Oestradiol is secreted into the blood stream where 98% of it circulates bound to sex hormone binding globulin (SHBG) and to a lesser extent to other serum proteins such as albumin. Only a small fraction circulates as free hormone or in the conjugated form. Oestrogenic activity is effected via oestradiol-receptor complexes which trigger the appropriate response at the nuclear level in the target sites. These sites include the follicles, uterus, breast, vagina, urethra, hypothalamus, pituitary and to a lesser extent the liver and skin.
In non-pregnant women with normal menstrual cycles, oestradiol secretion follows a cyclic, biphasic pattern with the highest concentration found immediately prior to ovulation. The rising oestradiol concentration is understood to exert a positive feedback influence at the level of the pituitary where it influences the secretion of the gonadotrophins, follicle stimulating hormone (FSH), and luteinising hormone (LH), which are essential for follicular maturation and ovulation, respectively.

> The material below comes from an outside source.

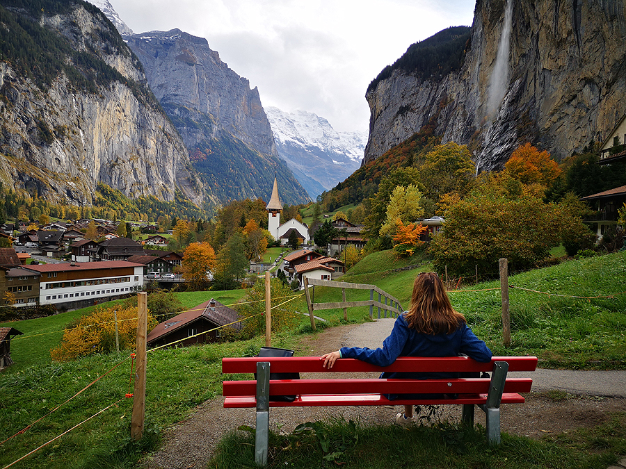 Lauterbrunnen slėnis - vienas iš Šveicarijos jaukiausių ir gražiausių slėnių. Kaip mano vyras sako - sutiksi čia vien kiniečius. Kad išreklamuota vieta - tai tiesa. Ko paklausi, kas buvęs Šveicarijoje - Liucerna ir Lauterbrunnen su pasikėlimu į Jungfrau kalną. Vyras nieku gyvu nenorėjo manęs čia vežti, tad kažkada ėmiau ir atsibeldžiau čia pati. 3 val. traukiniu su trim persėdimais pirmyn, ir tas pats atgal. Nenusivyliau. Priešingai, likau tiek sužavėta slėnio ramumu, grožiu, kad noriu grįžti čia dar ne vieną kartą. Išlaipiojau tada viską visame miestelyje ir jo apylinkėse, ieškodama gražiausių vaizdų nuotraukoms. Planavau pabūti pora valandų, o gavosi taip, kad pravaikščiojau visą dieną kartu su kalne krentančių įspūdingų Trumellbach krioklių aplankymu. Tad šįkart žinojau, kur vesti sesę, žinojau ko ji nori, tad neilgai trukus atsidūrėme fotogeniškiausioje Lauterbrunen miestuko vietoje - kol dar saulė šviečia.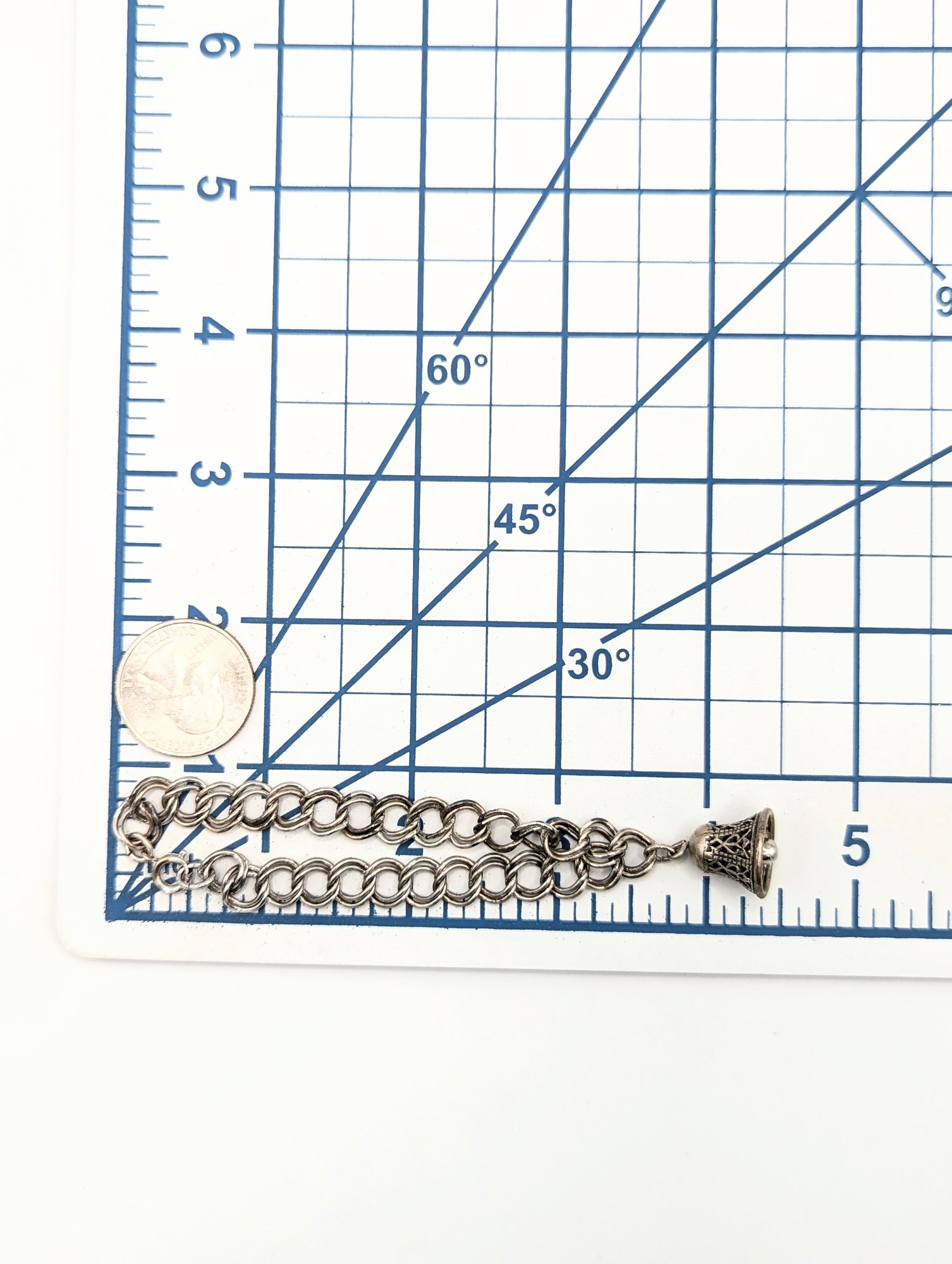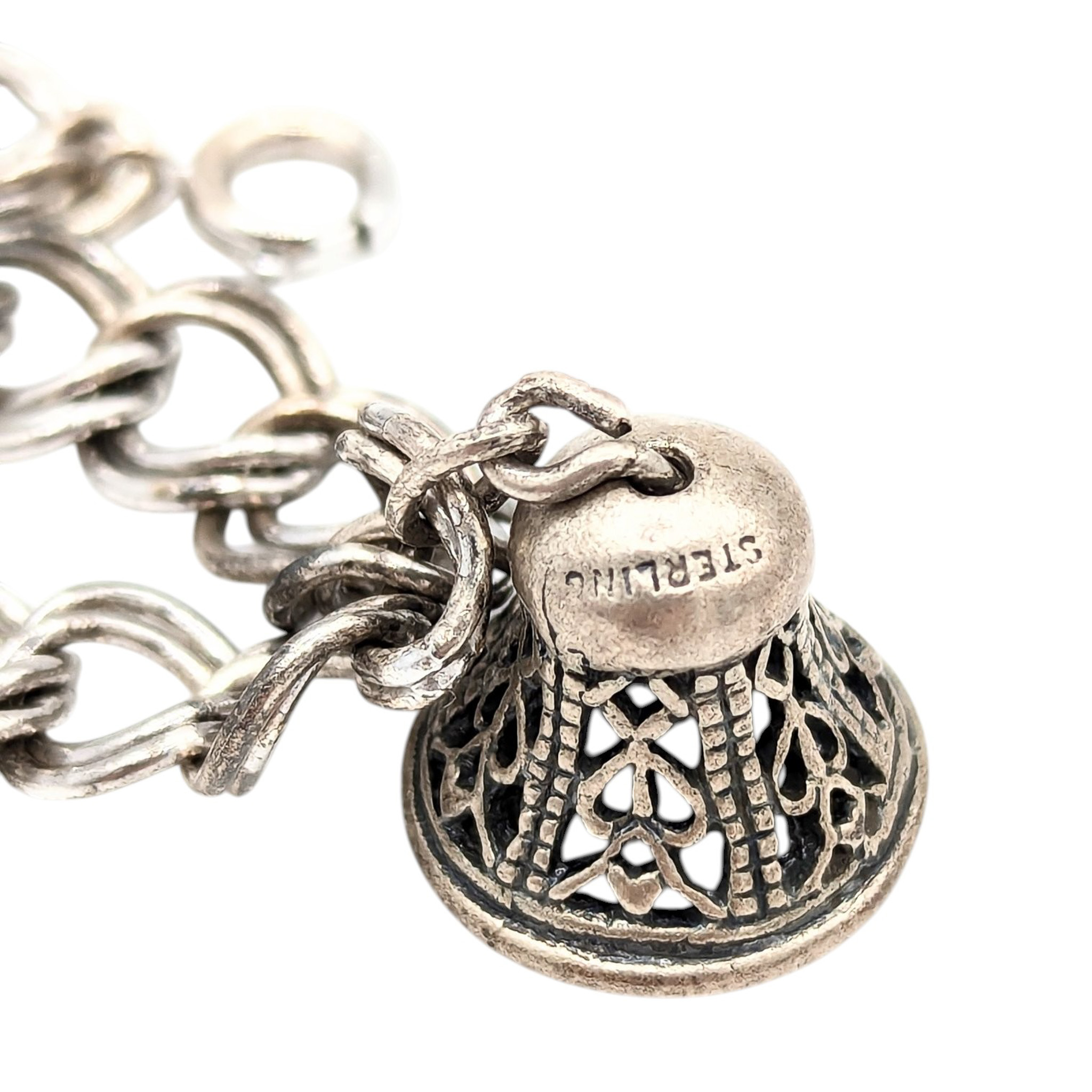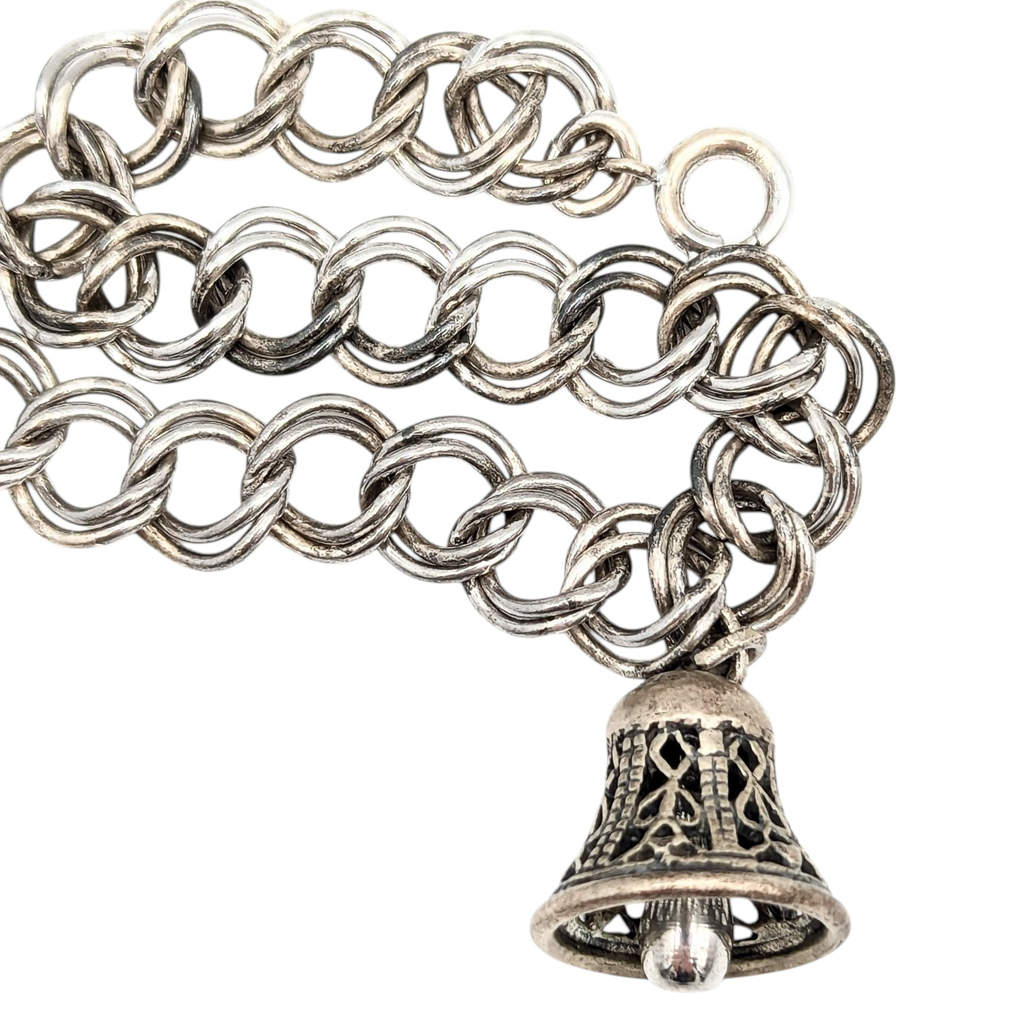 Sterling bell charm rope bracelet 14.1g

Following ovulation, oestradiol levels fall rapidly until the luteal cells become active resulting in a secondary gentle rise and plateau of oestradiol in the luteal phase. During pregnancy, maternal serum oestradiol levels increase considerably, to well above the pre-ovulatory peak levels and high levels are sustained throughout pregnancy.
Oestradiol measurements are a valuable index in evaluating a variety of menstrual dysfunctions such as:
Oestradiol levels have also been reported to be increased in patients with feminising syndromes, gynaecomastia and testicular tumours.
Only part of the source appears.